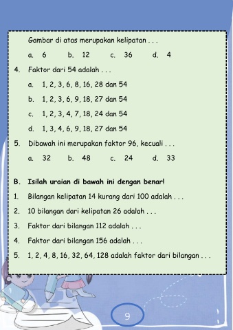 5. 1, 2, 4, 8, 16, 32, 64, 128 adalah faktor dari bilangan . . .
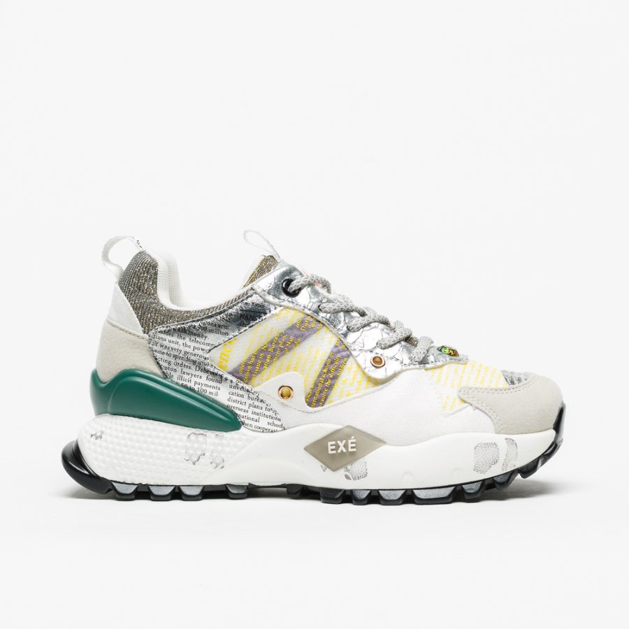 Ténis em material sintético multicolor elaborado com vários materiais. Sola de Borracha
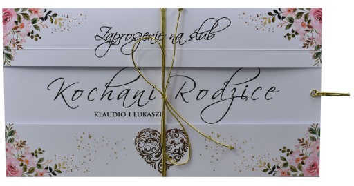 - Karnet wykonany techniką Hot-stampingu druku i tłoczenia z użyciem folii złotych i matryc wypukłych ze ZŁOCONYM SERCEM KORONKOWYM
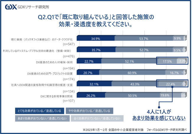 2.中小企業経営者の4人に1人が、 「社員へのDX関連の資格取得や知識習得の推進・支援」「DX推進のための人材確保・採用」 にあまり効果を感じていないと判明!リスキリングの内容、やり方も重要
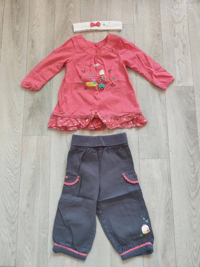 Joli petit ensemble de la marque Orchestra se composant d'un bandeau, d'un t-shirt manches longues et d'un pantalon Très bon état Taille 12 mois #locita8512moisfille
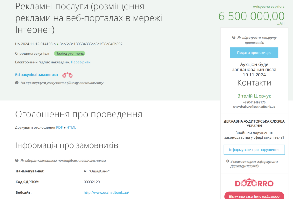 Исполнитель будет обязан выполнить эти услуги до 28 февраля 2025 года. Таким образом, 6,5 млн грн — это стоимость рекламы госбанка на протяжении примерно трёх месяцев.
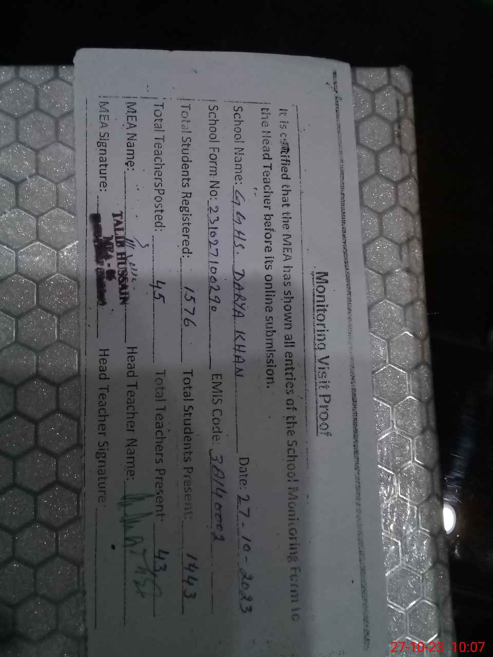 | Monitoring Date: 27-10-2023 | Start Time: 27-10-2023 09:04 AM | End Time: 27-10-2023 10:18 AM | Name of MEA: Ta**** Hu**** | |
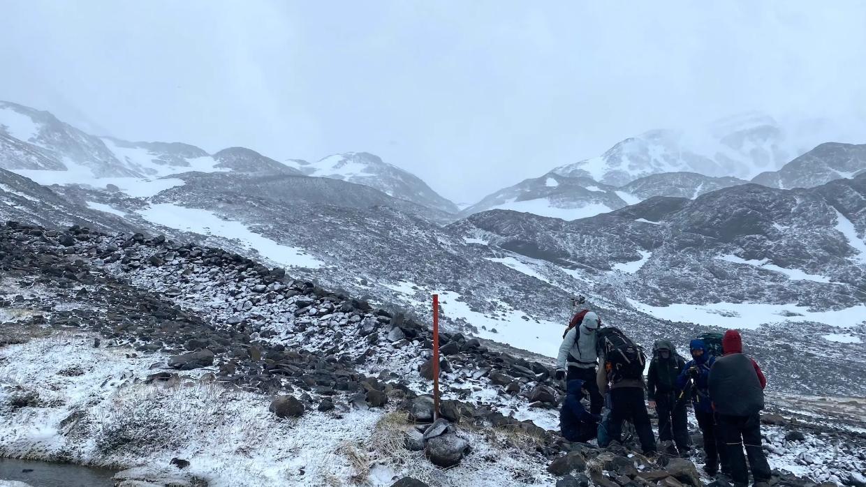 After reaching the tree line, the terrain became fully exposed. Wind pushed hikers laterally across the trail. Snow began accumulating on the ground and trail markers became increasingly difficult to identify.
-.-.-
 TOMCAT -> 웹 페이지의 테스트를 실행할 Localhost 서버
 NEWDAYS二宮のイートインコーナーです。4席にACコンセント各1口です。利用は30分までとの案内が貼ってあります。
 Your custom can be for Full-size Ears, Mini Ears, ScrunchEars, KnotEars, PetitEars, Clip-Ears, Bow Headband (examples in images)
-.-.-
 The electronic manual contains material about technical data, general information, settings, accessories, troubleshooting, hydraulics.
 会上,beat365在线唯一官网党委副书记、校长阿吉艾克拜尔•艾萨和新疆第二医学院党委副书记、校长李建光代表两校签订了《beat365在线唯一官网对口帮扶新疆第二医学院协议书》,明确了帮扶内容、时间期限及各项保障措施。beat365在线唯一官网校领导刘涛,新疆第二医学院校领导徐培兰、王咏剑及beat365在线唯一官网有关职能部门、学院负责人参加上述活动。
-.-.-
Return the lines above from the one with "Ténis em material" through the one with "Исполнитель будет обязан", verbatim and nothing else. Omit every picture.

**RESULT OF THE TASK**
 Ténis em material sintético multicolor elaborado com vários materiais. Sola de Borracha
 - Karnet wykonany techniką Hot-stampingu druku i tłoczenia z użyciem folii złotych i matryc wypukłych ze ZŁOCONYM SERCEM KORONKOWYM
 2.中小企業経営者の4人に1人が、 「社員へのDX関連の資格取得や知識習得の推進・支援」「DX推進のための人材確保・採用」 にあまり効果を感じていないと判明!リスキリングの内容、やり方も重要
 Joli petit ensemble de la marque Orchestra se composant d'un bandeau, d'un t-shirt manches longues et d'un pantalon Très bon état Taille 12 mois #locita8512moisfille
 Исполнитель будет обязан выполнить эти услуги до 28 февраля 2025 года. Таким образом, 6,5 млн грн — это стоимость рекламы госбанка на протяжении примерно трёх месяцев.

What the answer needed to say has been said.